UK temperature
Keeping bunch-flowered narcissus warm in a UK home
Narcissus tazetta
More about bunch-flowered narcissus in the UK
The UK home, in plant terms
A typical UK home creates two opposite micro-problems at the same time. Radiator-driven heating spikes the air temperature and crashes humidity in the rooms where people actually sit; the older the housing stock the more likely a single-glazed window pane is sitting at near-freezing in January with a houseplant against it. Cold unheated bedrooms, north-facing rooms and conservatories without heating run far cooler than the thermostat suggests, and the British winter gives the lowest indoor daylight in any of Growli's markets. Bunch-flowered Narcissus tolerates a wider band, but the worst-case UK winter placement (a cold single-glazed pane plus a hot dry radiator below it) still stresses it through repeated drying and chilling.
The actual numbers
Ideally bunch-flowered narcissus sits between -5°C to 25°C (optimal bloom: 10–18°C; forcing: 15–20°C). (That is 23°F to 77°F (optimal bloom: 50–64°F; forcing: 59–68°F) in Fahrenheit.) The species is native to the Mediterranean and Middle East, tolerating moderate humidity well. When grown indoors, the intense fragrance is amplified in low-humidity, centrally heated rooms. Good air circulation helps prevent fungal spots on the densely clustered flowers. Watch for the room dropping below about -5°C overnight — common in UK unheated bedrooms in January, and the point where growth stalls and leaves chill-mark.
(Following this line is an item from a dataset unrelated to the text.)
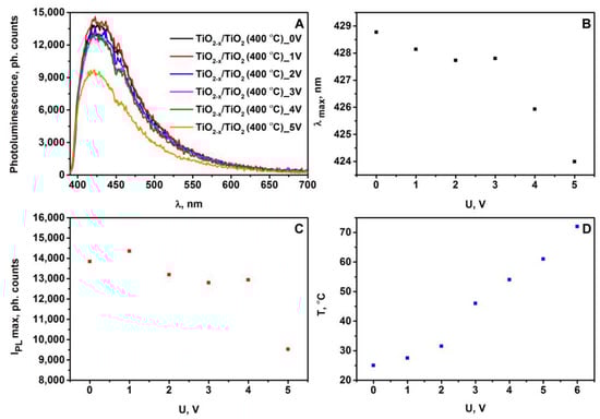 3.3. Photoluminescence Properties of Hybrid TiO2-x/TiO2-Based Structures

For the RHS hardiness side of this, see is bunch-flowered narcissus hardy in the UK? (rating RHS H3, sourced from the RHS rating system). For the US/USDA framing of the same numbers, see the bunch-flowered narcissus temperature guide.
Winter placement in a UK home
For bunch-flowered narcissus through a UK winter, three placement rules clear up most problems: 1) keep it at least a hand's width back from the window pane on single-glazed or very cold double-glazed glass, especially overnight when curtains close behind the plant; 2) keep it out of the direct vertical updraft above a radiator — that column of hot dry air browns leaf tips even on tolerant species; 3) judge by the room you can actually feel, not the central thermostat — many UK rooms run several degrees below the hall reading in winter. Humidity drops to roughly 25–35% in a heated UK living room; a pebble tray, grouping with other plants, or a small humidifier puts that back to a level houseplants actually like.
Bunch-flowered Narcissus temperature in the UK — frequently asked questions
What temperature does bunch-flowered narcissus need in the UK?
Bunch-flowered Narcissus prefers -5°C to 25°C (optimal bloom: 10–18°C; forcing: 15–20°C) (23°F to 77°F (optimal bloom: 50–64°F; forcing: 59–68°F)). The British issue is rarely the average — it is the extremes: a cold single-glazed window in January, the hot dry air directly above a radiator, or a north-facing unheated room that runs far cooler than the hall thermostat.
Will bunch-flowered narcissus survive a cold UK winter room?
Bunch-flowered Narcissus tolerates a wider winter band — see its RHS rating H3. Below about -5°C growth stalls; cold-wet roots, not cold air, are usually what kills it indoors.
Can bunch-flowered narcissus go on a UK windowsill in winter?
On a single-glazed or very cold pane, no — overnight the leaves pressed against the glass can drop below the plant's comfort band, especially behind drawn curtains. A small gap (a hand's width back) or thicker thermal curtains in front of the plant fixes it, and modern double-glazing usually solves it outright.
Does UK radiator-driven heating dry bunch-flowered narcissus out?
Yes — UK living rooms typically run at around 25–35% relative humidity in winter. That is well below what most houseplants prefer. Bunch-flowered Narcissus tolerates this better than the calathea-and-fern family, but a pebble tray or grouping plants still helps.
What temperature range does bunch-flowered narcissus actually like?
-5°C to 25°C (optimal bloom: 10–18°C; forcing: 15–20°C) is the comfortable band (23°F to 77°F (optimal bloom: 50–64°F; forcing: 59–68°F) in Fahrenheit for reference). That covers normal UK living-room temperatures all year; the work is making sure cold pockets (windowsills, unheated rooms) and hot pockets (radiator updrafts) do not push it outside that band.
More bunch-flowered narcissus care
See the full bunch-flowered narcissus care guide, its UK watering (hard vs soft tap water), and UK hardiness.